La biorestauration des polluants toxiques, y compris les métaux, est essentielle pour une santé durable et un bien-être économique. Cependant, dans la plupart des pays du monde, la législation est faible et les amendes modérées sont pour la plupart des industries simplement considérées comme le coût de faire des affaires. Pour la plupart, il y a peu de force motrice pour l’assainissement et, par conséquent, nous voyons au mieux des pratiques de fouille et de vidage ou de clôture. Sans législation et sanctions plus strictes, la seule façon d’inspirer l’industrie est d’ajouter des incitations à un produit dans le processus de biorestauration. Cela devient maintenant une possibilité dans le domaine de la bioremédiation des contaminants métalliques et métalloïdes.
Pour atténuer cette source de polluants métalliques, des stratégies d’assainissement par biorestauration microbienne devraient être utilisées. Bien que la résistance aux métaux puisse se faire par une diminution des mécanismes d’absorption ou d’efflux, d’autres mécanismes à exploiter en biotechnologie pour la biorestauration des métaux sont la biotransformation et la précipitation ainsi que la biosorption des métaux. La précipitation (par biominéralisation) est une perspective intéressante pour récupérer les métaux des systèmes aquatiques/marins contaminés par des métaux (Golby et al., 2014). Par exemple, les épurateurs biologiques microbiens des communautés de microbes de traitement des métaux pourraient être utilisés dans les sites municipaux de traitement des eaux usées où des millions de dollars de métaux précieux sont rejetés chaque année (Dobson et Burgess, 2007; Westerhoff et al., 2015).

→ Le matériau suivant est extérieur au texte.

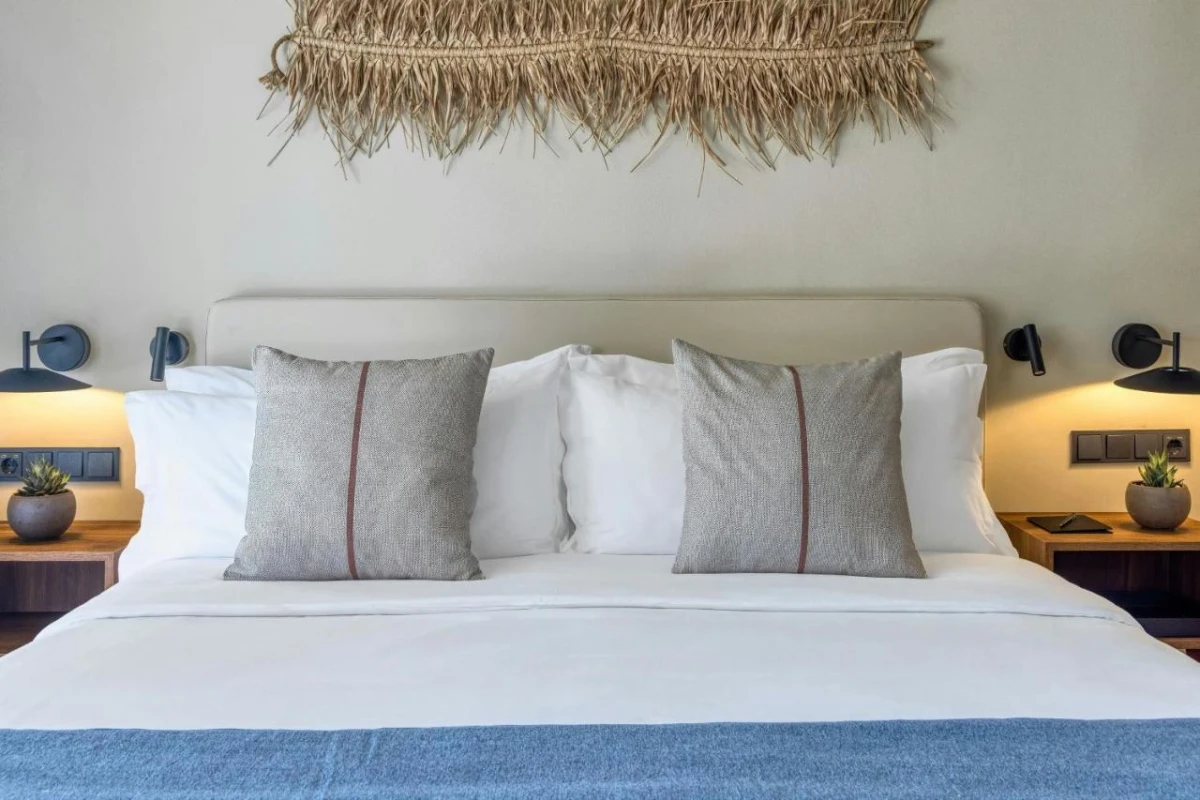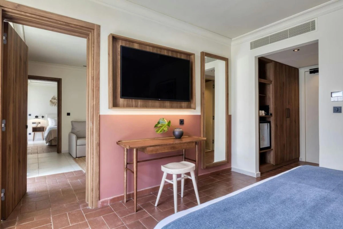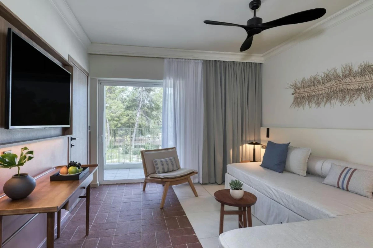 The 78 opulent rooms and suites, adorned with elegant decor, feature air-conditioned comfort, flat-screen TVs, and private balconies or terraces, many with exclusive pools offering unrivaled privacy and views of the island's crystalline coastline or vibrant gardens. The design blends modern sophistication with Zakynthos' natural charm, creating a serene haven for relaxation.

Récemment, le développement de nano-antimicrobiens à base de métaux a explosé (Dastjerdi et Montazer, 2010). De plus, une biotechnologie passionnante utilisant des microbes comme usines de produits chimiques verts pour produire des nanomatériaux métalliques est en cours de développement; ces nanomatériaux produits par biofactory ont été explorés pour leur efficacité et leur valeur en tant que nano‐MBA. Les exemples incluent AuNP (Maliszewska et al., 2014), AgNP (Fayaz et al., 2010), SeNP (Cremonini et al., 2016; Piacenza et coll., 2017) et TeNP (Srivastava et al., 2015). Ici, on peut utiliser des bactéries pour l’assainissement d’un polluant métallique pour générer de nouveaux matériaux nano‐MBA de manière durable. L’utilisation de microbes pour produire des nanomatériaux métalliques aux propriétés antimicrobiennes est une promesse biotechnologique réaliste en matière de durabilité, car elle tire parti des approches synthétiques vertes vers des nanomatériaux stables, supérieurs à leurs homologues synthétisés chimiquement.

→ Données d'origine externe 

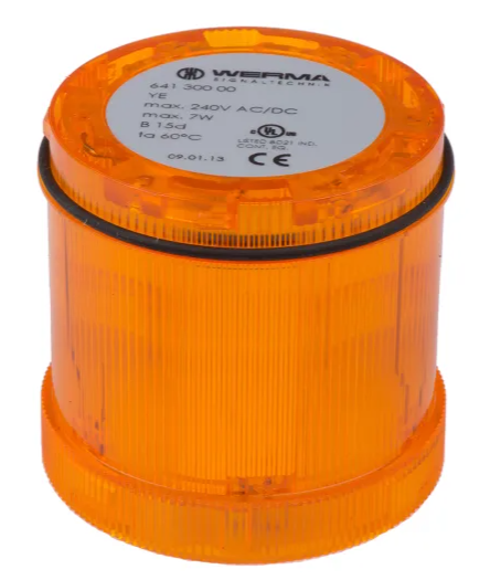 Желтый маячок Werma серии 641 с постоянным эффектом, 12 → 230 В переменного/постоянного тока, лампа накаливания, переменный ток, постоянный ток, IP65

Alors que les recherches menées à ce jour sur les MBA sont très prometteuses, la compréhension de la toxicologie de ces métaux sur les humains, le bétail, les cultures et l’écosystème (microbien) dans son ensemble fait défaut. L’exposition chronique est souvent ignorée. Pour obtenir une pratique durable, les politiques basées sur l’exposition aiguë et chronique doivent être systématiquement étudiées en parallèle avec les propriétés antimicrobiennes / biocides des métaux.